I had been very excited when the concert was announced (at the beginning of October) and then my enthusiasm died down, waiting to be revived before the concert. So at the time of the cancellation announcement, I wasn't jumping up and down with excitement, and so the cancellation didn't cause me to slash my wrists in disappointment. Maybe the man can reschedule for next spring. If it's been nearly 20 years since his last appearance in Israel (Jan 1989), I can wait a few more months or years.
The timing of the American tour was very apt as it allowed airings of a song rarely played by the man: "Mr President (Have pity on the working man)". America in late 2008 is obviously similar to America in 1929. "A few words (in defence of our country)" is also a song which quite possibly could disappear from the set lists, and I have had arguments regarding the future of "Piece of the pie": at the moment, the rich are not getting richer but are losing more money in the stock market than those who don't have any savings.

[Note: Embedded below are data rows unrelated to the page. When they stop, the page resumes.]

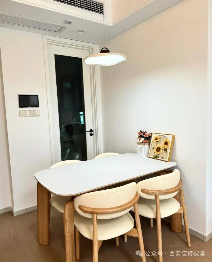 网友@奶油家:最好不要碰这种餐椅,软包范围太大,太容易脏了,特别是家里有孩子的,只要稍微蹭一蹭就黑一圈,而且压根擦不掉,时间久了压根看不到当初的本色了;弧度的靠背导致餐椅不用的时候无法完全塞进餐桌下方,靠近厨房位置导致过道非常狭窄。
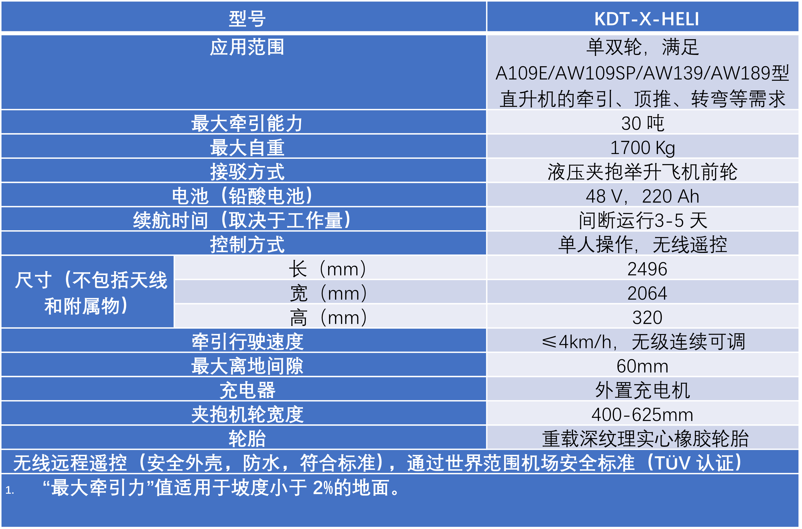 KDT-X-HELI无线遥控飞机牵引车是格林斯通(北京)航空服务有限责任公司在国内研发生产的符合 中国市场的一款小型飞机牵引车,无线遥控式飞机牵引车目前在全球得道了广泛的应用和广大用户的喜爱。科德沃为满足中国市场飞机地面保障用户对小型化设备的技术性能与操作维护性等方面的综合要求,研发了该型设备,其主要部件、驱动电机、控制器、电池、操控系统均为原装进口,其借鉴了国外诸多品牌飞机牵引车的优越特性,更加可靠安全的运行并直接降低飞行前机务人员的体力输出,且只需要极低的运营成本。
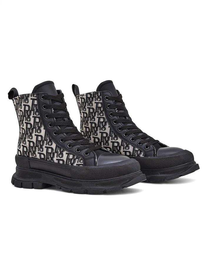 • Úžasné dámske členkové topánky s plochým podpätkom, vyrobené z eko-kože a potlačenej látky. Interiér je podšitý látkou. Model na šnurovanie.
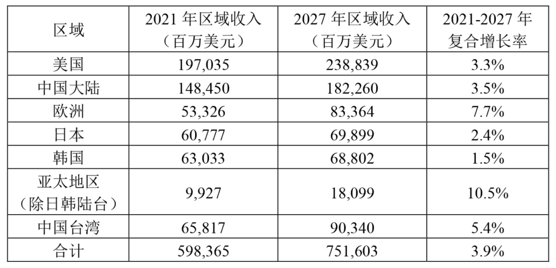 表4:2021-2027年全球半導體產(chǎn)業(yè)收入?yún)^(qū)域分布預估
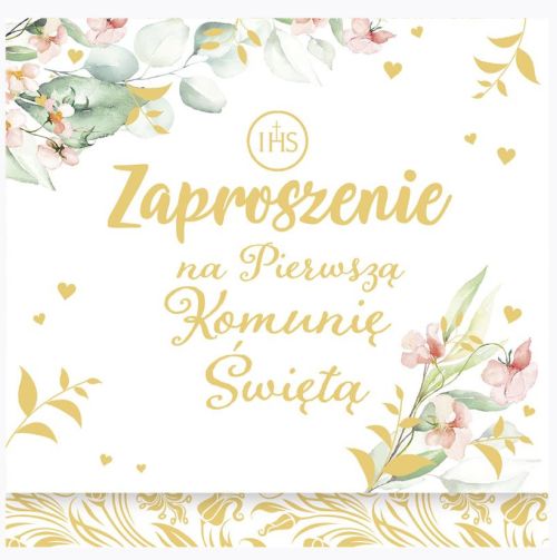 Eleganckie zaproszenie komunijne w kwadratowym formacie, z wyraźnym kaligraficznym napisem i delikatną kompozycją roślinną w pastelowych barwach. Złote akcenty, drobne serduszka oraz symbol IHS nadają całości odświętny, a jednocześnie lekki charakter. Harmonijna grafika sprawia, że wzór jest uniwersalny i bardzo czytelny, idealny na uroczystość Pierwszej Komunii Świętej. Zaproszenie zawiera miejsce na potwierdzenie przybycia, co zwiększa jego praktyczność.
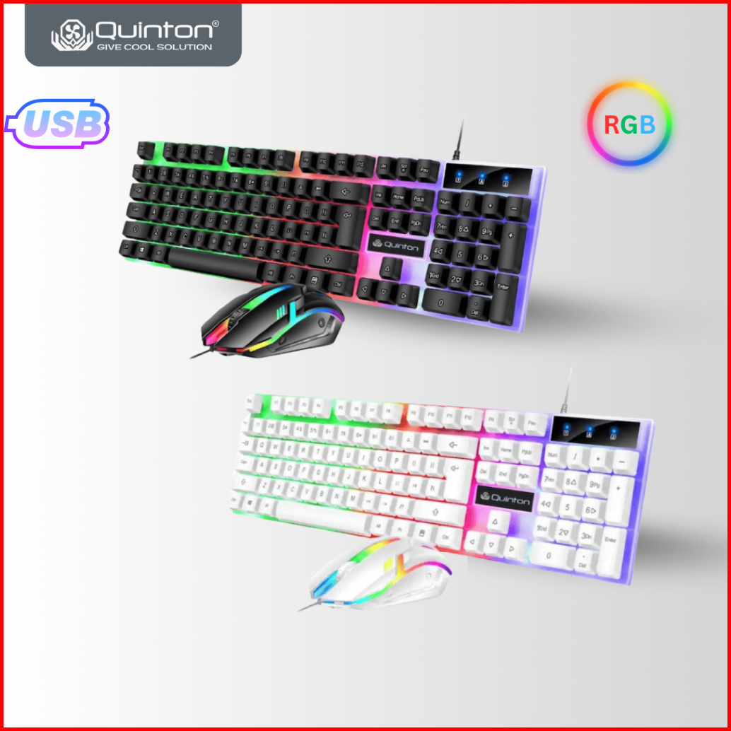 Quinton Keyboard Combo Mouse Gaming Rgb Usb Wired Full Size 104keys For Desktop Pc Laptop Windows
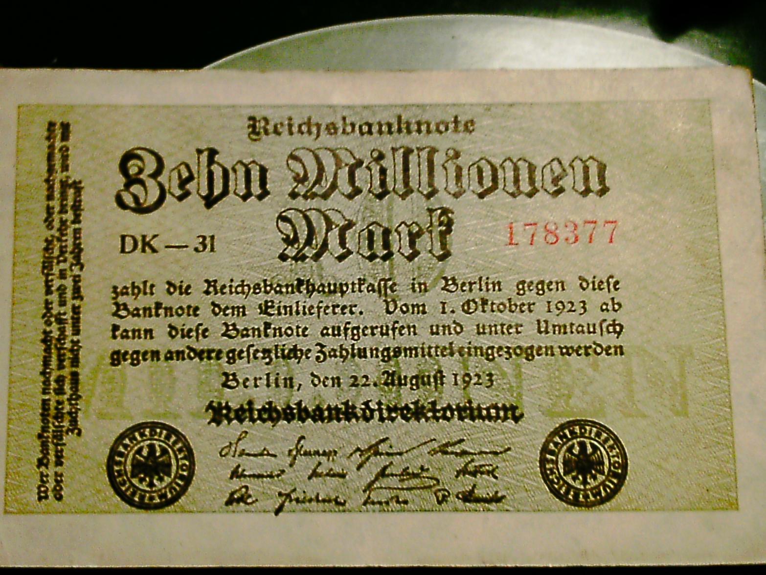 Looks like a 10 million mark hyperinflationary note from post-wwI Germany. Hope someone else chimes in with more detailed info!
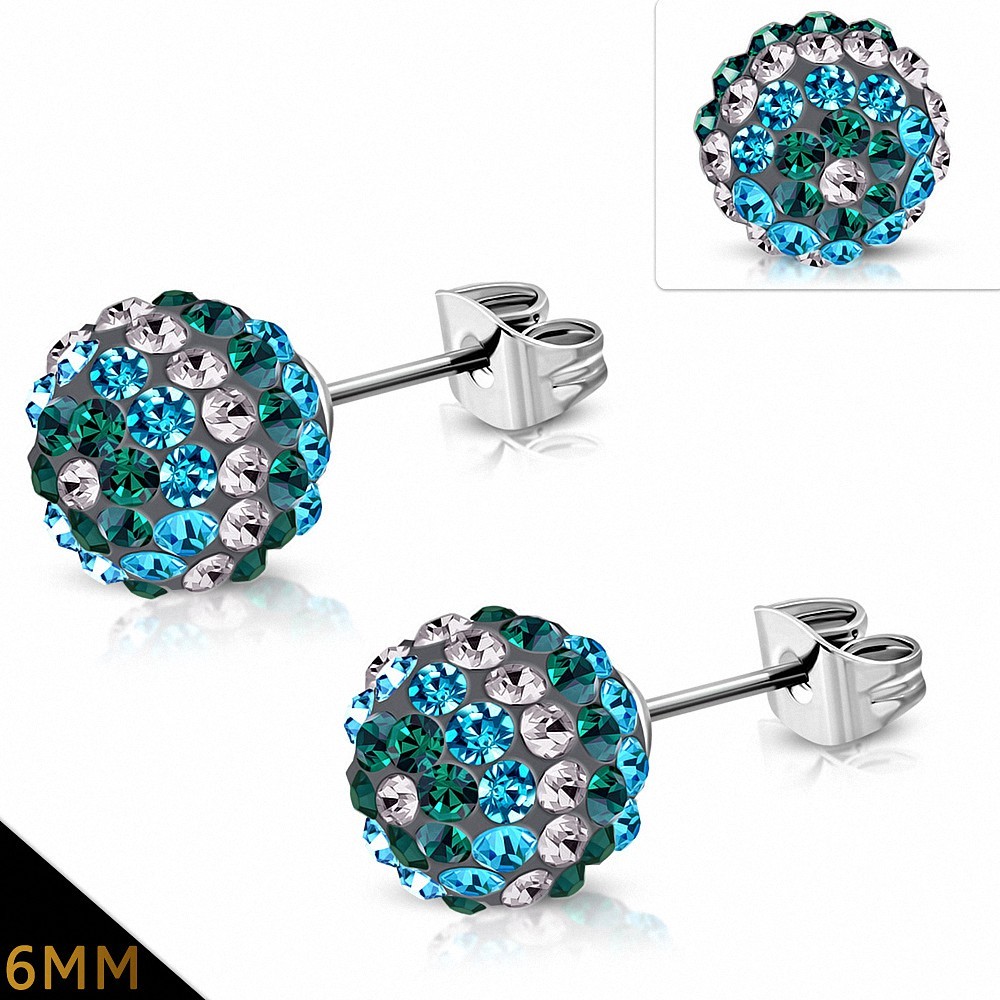 • Paire de boucles d'oreilles clous boule disco shamballa vert bleu
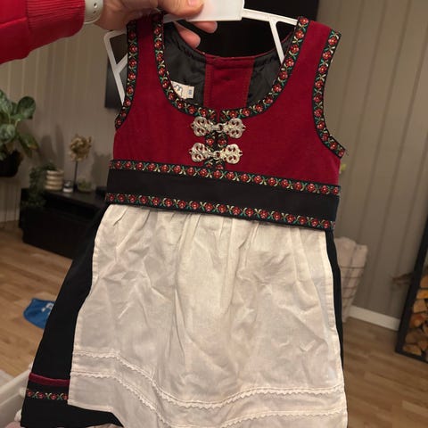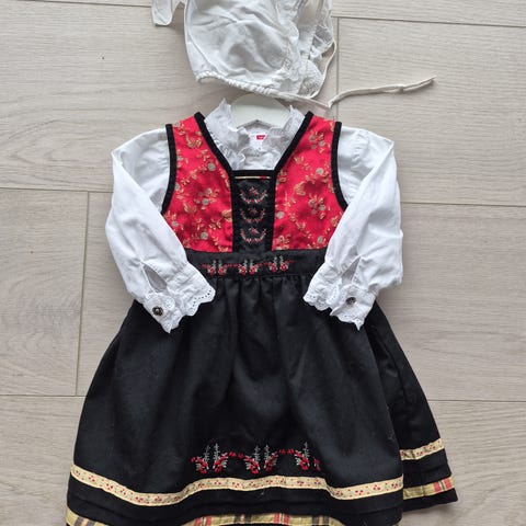 Komplett festdrakt for jente i størrelse 74. Kjole med rød vest, vevet kantebånd og hempelukning, tradisjonspreget utseende med sølvfargede spenner foran. Stakk med vevet kantebånd nederst. Bomullsforkle med belte som enkelt justeres med borrelåslukning. Medfølgende body er produsert i 100% bomull og har trykknapp lukning i kilen.

In anticipation of Randy's visit, I dusted off a set of recordings which I had made in 2001, "Newman sings Newman", which preserved for posterity my take on 13 Randy songs. Listening to this with fresh ears, I was saddened to realise that half of the vocals were out of tune, and those that weren't sounded as if they had been recorded onto cardboard. Whilst the arrangements were ok, the instruments sounded on the hokey side. So I took it upon myself to rerecord the entire record.
This actually went extremely fast as the arrangements were good and simple. I would take a song, make a few changes and corrections, import the MIDI file into Reason, choose some instruments, create a sound file and then sing over it. In most cases, I needed only one or two vocal takes to nail a song, and most songs were completed within a matter of hours.
Listening to the new recordings again, I realised that most were competent but not outstanding, and so decided to improve my take on "Lonely at the top". One evening was spent changing the instruments - the original version was very brassy, and I decided to soften it up. Yesterday evening was spent tuning the arrangement, inventing new instrumental lines (I had been fairly lazy originally) and changing the ending, which now owes a lot more to my style of harmonic thinking than to Randy's. I need to do another mix, as the ending still sounds a bit too abrupt.
I also needed to duplicate the final sung line, "Oh, it's lonely at the top"; I located this line in my vocal file, isolated it, created a new file with just this one line, reversed the stereo, and slotted it in at the correct point. I find this kind of editing fairly hard, but yesterday luck was on my side and the entire process took only a few minutes.